To add more details to this. When I attempt to execute my training job
using the command 'pio train -- --master yarn' I get the exception that
I've included below. Can anyone tell me how to correctly submit the
training job or what setting I need to change to make this work. I've made
not custom code changes and am simply using PIO 0.12.1 with the
SimilarProduct Recommender.
[ERROR] [SparkContext] Error initializing SparkContext.
[INFO] [ServerConnector] Stopped Spark@1f992a3a{HTTP/1.1}{0.0.0.0:4040}
[WARN] [YarnSchedulerBackend$YarnSchedulerEndpoint] Attempted to request
executors before the AM has registered!
[WARN] [MetricsSystem] Stopping a MetricsSystem that is not running
Exception in thread "main" java.lang.ArrayIndexOutOfBoundsException: 1
at
org.apache.spark.deploy.yarn.YarnSparkHadoopUtil$$anonfun$setEnvFromInputString$1.apply(YarnSparkHadoopUtil.scala:154)
at
org.apache.spark.deploy.yarn.YarnSparkHadoopUtil$$anonfun$setEnvFromInputString$1.apply(YarnSparkHadoopUtil.scala:152)
at
scala.collection.IndexedSeqOptimized$class.foreach(IndexedSeqOptimized.scala:33)
at
scala.collection.mutable.ArrayOps$ofRef.foreach(ArrayOps.scala:186)
at
org.apache.spark.deploy.yarn.YarnSparkHadoopUtil$.setEnvFromInputString(YarnSparkHadoopUtil.scala:152)
at
org.apache.spark.deploy.yarn.Client$$anonfun$setupLaunchEnv$6.apply(Client.scala:819)
at
org.apache.spark.deploy.yarn.Client$$anonfun$setupLaunchEnv$6.apply(Client.scala:817)

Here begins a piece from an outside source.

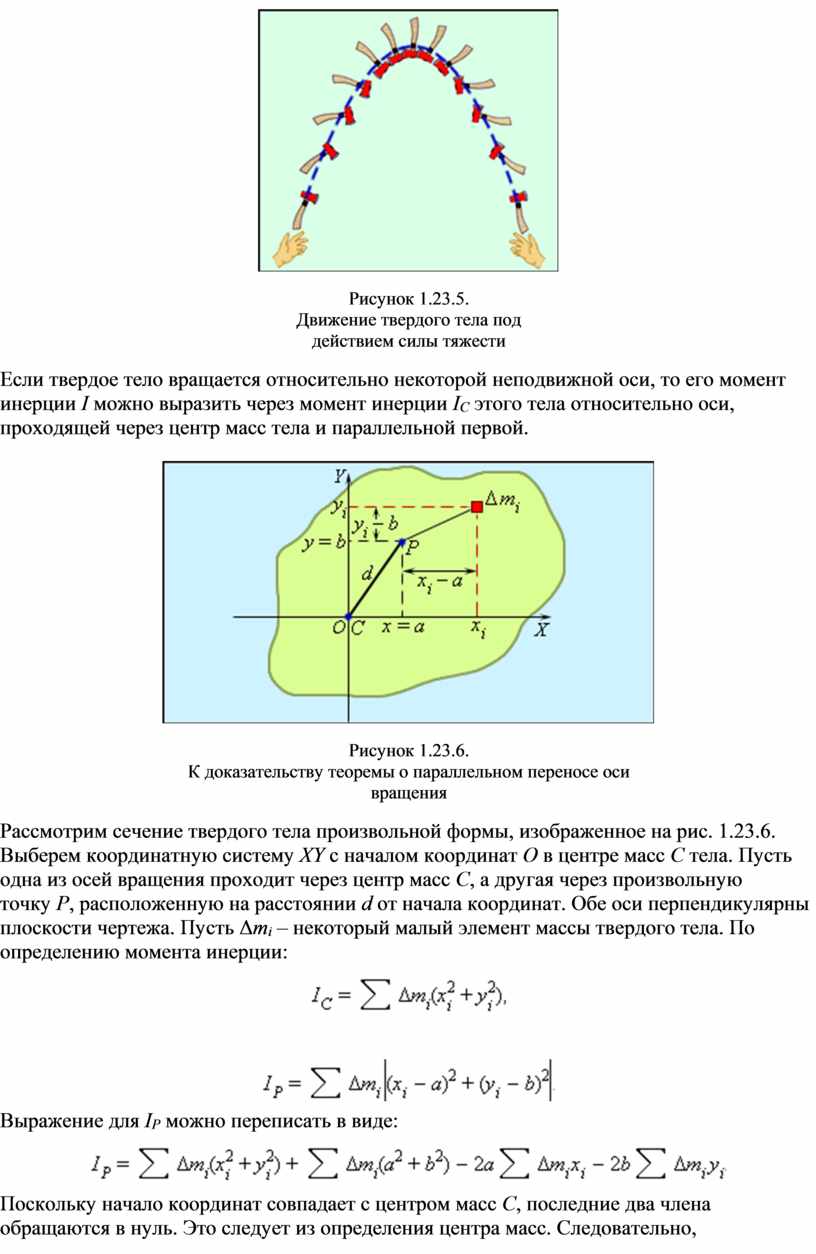 Рассмотрим сечение твердого тела произвольной формы, изображенное на рис. 1.23.6. Выберем координатную систему XY с началом координат O в центре масс C тела. Пусть одна из осей вращения проходит через центр масс C, а другая через произвольную точку P, расположенную на расстоянии d от начала координат. Обе оси перпендикулярны плоскости чертежа. Пусть Δmi – некоторый малый элемент массы твердого тела. По определению момента инерции:

at scala.Option.foreach(Option.scala:257)
at
org.apache.spark.deploy.yarn.Client.setupLaunchEnv(Client.scala:817)
at
org.apache.spark.deploy.yarn.Client.createContainerLaunchContext(Client.scala:911)
at
org.apache.spark.deploy.yarn.Client.submitApplication(Client.scala:172)
at
org.apache.spark.scheduler.cluster.YarnClientSchedulerBackend.start(YarnClientSchedulerBackend.scala:56)
at
org.apache.spark.scheduler.TaskSchedulerImpl.start(TaskSchedulerImpl.scala:156)
at org.apache.spark.SparkContext.<init>(SparkContext.scala:509)
at
org.apache.predictionio.workflow.WorkflowContext$.apply(WorkflowContext.scala:45)
at
org.apache.predictionio.workflow.CoreWorkflow$.runTrain(CoreWorkflow.scala:59)
at
org.apache.predictionio.workflow.CreateWorkflow$.main(CreateWorkflow.scala:251)
at
org.apache.predictionio.workflow.CreateWorkflow.main(CreateWorkflow.scala)
at sun.reflect.NativeMethodAccessorImpl.invoke0(Native Method)
at
sun.reflect.NativeMethodAccessorImpl.invoke(NativeMethodAccessorImpl.java:62)
at
sun.reflect.DelegatingMethodAccessorImpl.invoke(DelegatingMethodAccessorImpl.java:43)
at java.lang.reflect.Method.invoke(Method.java:498)
at
org.apache.spark.deploy.SparkSubmit$.org$apache$spark$deploy$SparkSubmit$$runMain(SparkSubmit.scala:751)
at
org.apache.spark.deploy.SparkSubmit$.doRunMain$1(SparkSubmit.scala:187)
at
org.apache.spark.deploy.SparkSubmit$.submit(SparkSubmit.scala:212)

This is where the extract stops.